Re R v Johnson; Re Burns & McKenzie

Case

[1998] QSC 63

14 April 1998

No judgment structure available for this case.

IN THE SUPREME COURT
OF QUEENSLAND

Brisbane  Application No.2800 of 1998

Before the Hon. Mr Justice Mackenzie

[Re R v Johnson; Re Burns & McKenzie]

IN THE MATTER OF Chapter LXVA Section 663 of the Criminal Code of Queensland

and

IN THE MATTER OF R v Rodney John JOHNSON (Indictment No 255 of 1996)

and

IN THE MATTER OF an application for Criminal Compensation by Maxine Linda Burns, by her next friend CAROLYN FRANCES McKENZIE

CATCHWORDS: CRIMINAL LAW - Compensation for injuries sustained (psychological and physical) - legislative restrictions for damages - Criminal Code of Queensland Ch.65A ss.663AA(1),(3), 663B(1) - Workers’ Compensation Act 1916, s.14(1)(c) - Workers’ Compensation Act 1990, ss.130B, 154 - Workers’ Compensation Amendment Act (No 2) 1995 s.130B.

McClintock v Jones (1996) 1 Qd.R.524
R v Farrell; ex parte Farrell and Lyons (Motion 246 of 1992, unreported, 13 July, 1992, Mackenzie J).
R v Ancell; ex parte Anderson (8190 of 1997, unreported, 2 December, 1997, Lee J).

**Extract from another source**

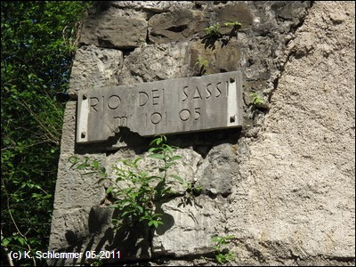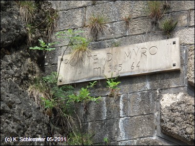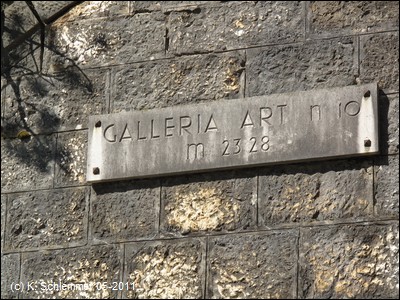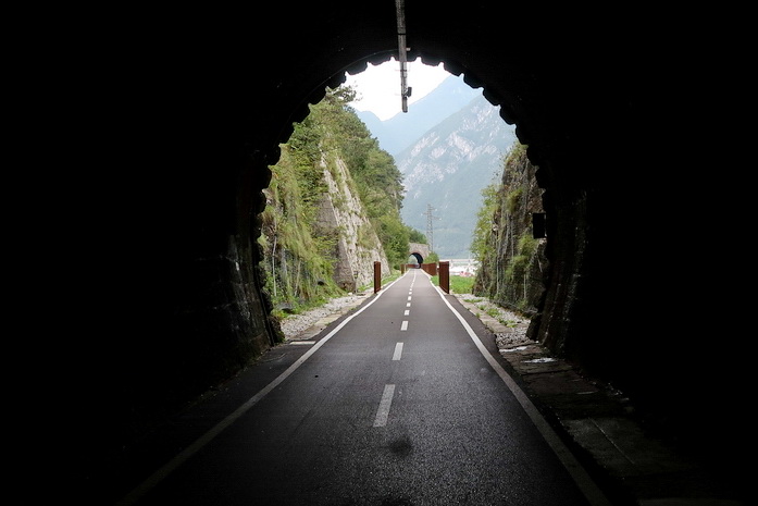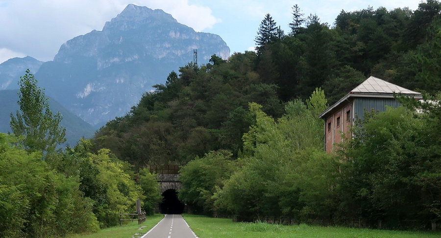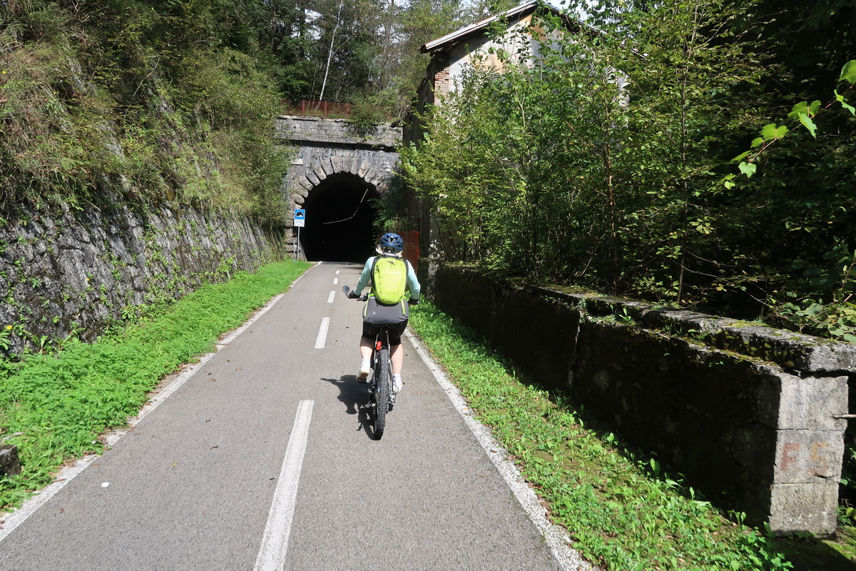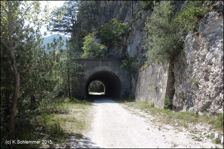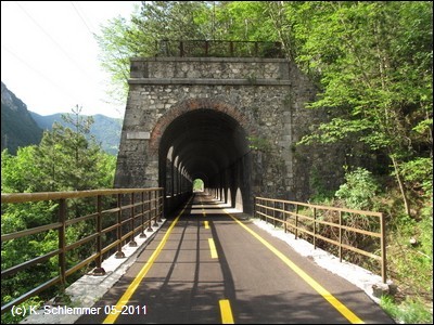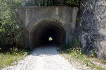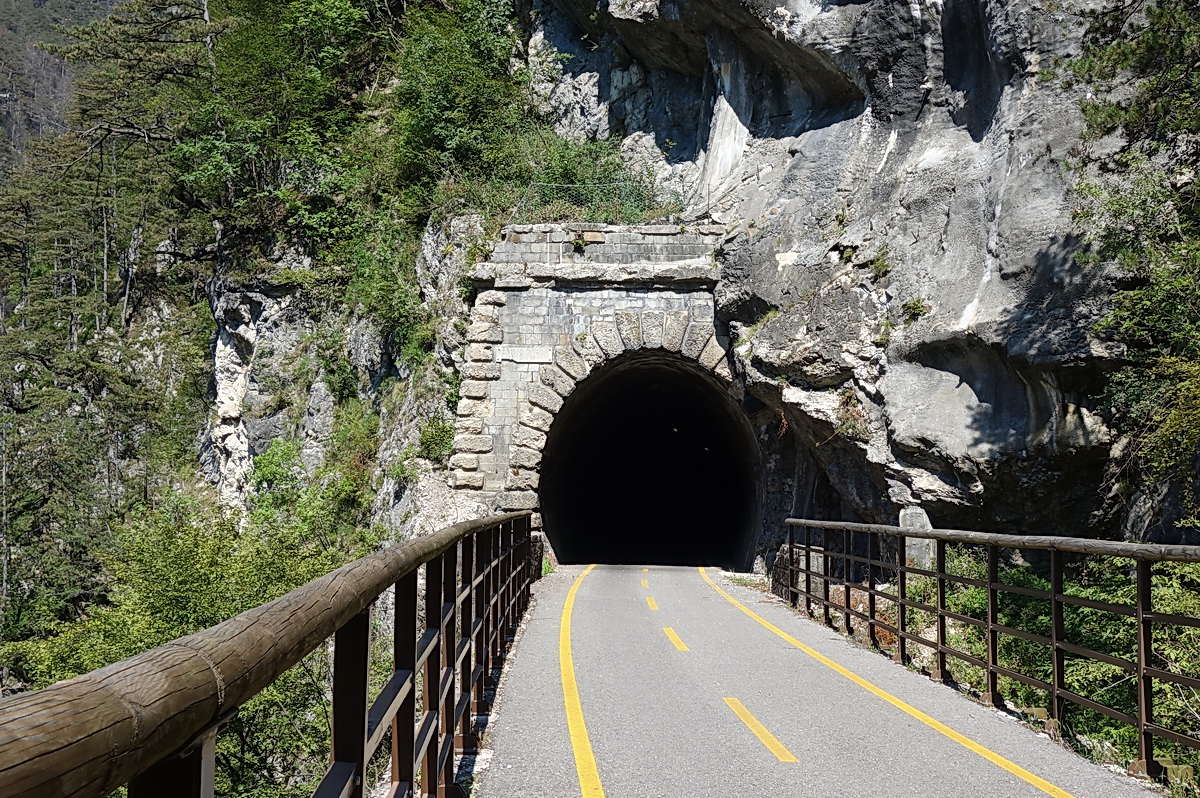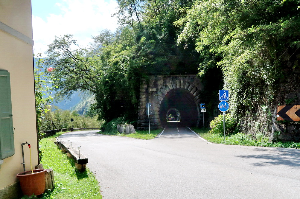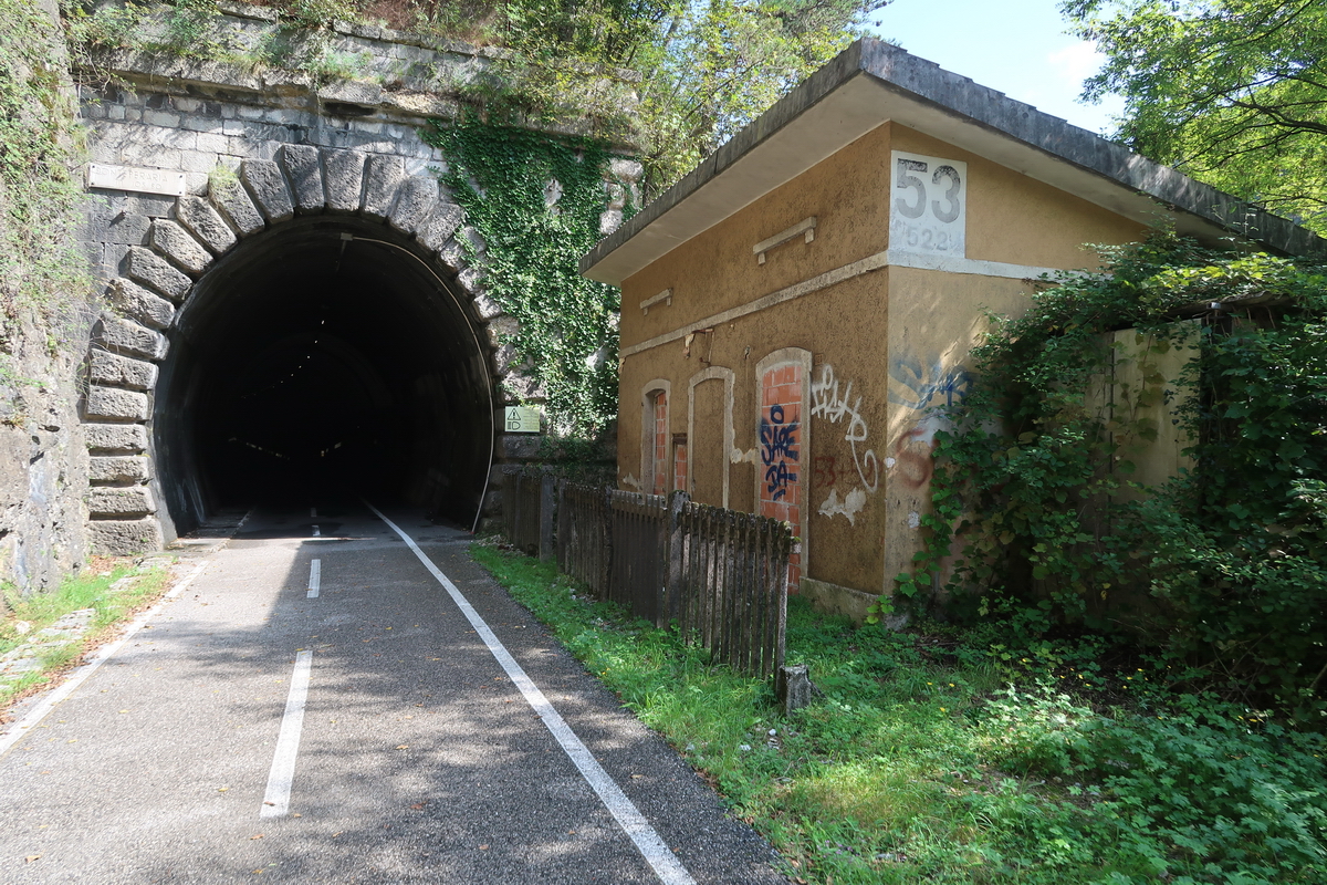 Der Höhepunkt des neuen Abschnitts: Tunnel Cinque Rivi, 942,88 m lang (steht auf der verblichenen Tafel am Tunneleingang)

Counsel:Mr N.E. Ulrick for the applicant

Solicitors:Gregg Lawyers & Attorneys for the applicant   

Hearing date:               6 April, 1998

REASONS FOR JUDGMENT - MACKENZIE J.
  Judgment delivered 14 April, 1998

This is an application for compensation on behalf of a girl upon whom the offences of rape and attempted murder were committed by the respondent.  She was born on 9 May, 1984.  The offences were committed on or about 27 November, 1995 and the conviction was entered on 10 March, 1997.  The respondent was served but did not appear at the hearing.

The application is to be decided according to Ch.65A of the Criminal Code since the acts were committed before the commencement date of the Criminal Offence Victims Act 1995, 18 December, 1995. Section 663B(1) provides that where a person is convicted of an indictable offence relating to the person of the person or of more than one indictable offence arising out of the one course of conduct or closely related courses of conduct, the Court may order the person to pay a sum not exceeding the prescribed by way of compensation for the injury. Where there is more than one injury, s.663AA(3) provides that the prescribed amount is that prescribed in s.14(1)(C) of the Workers’ Compensation Act 1916 as varied from time to time. Section 663AA(1) provides that the prescribed amount in respect of mental shock or nervous shock is $20000.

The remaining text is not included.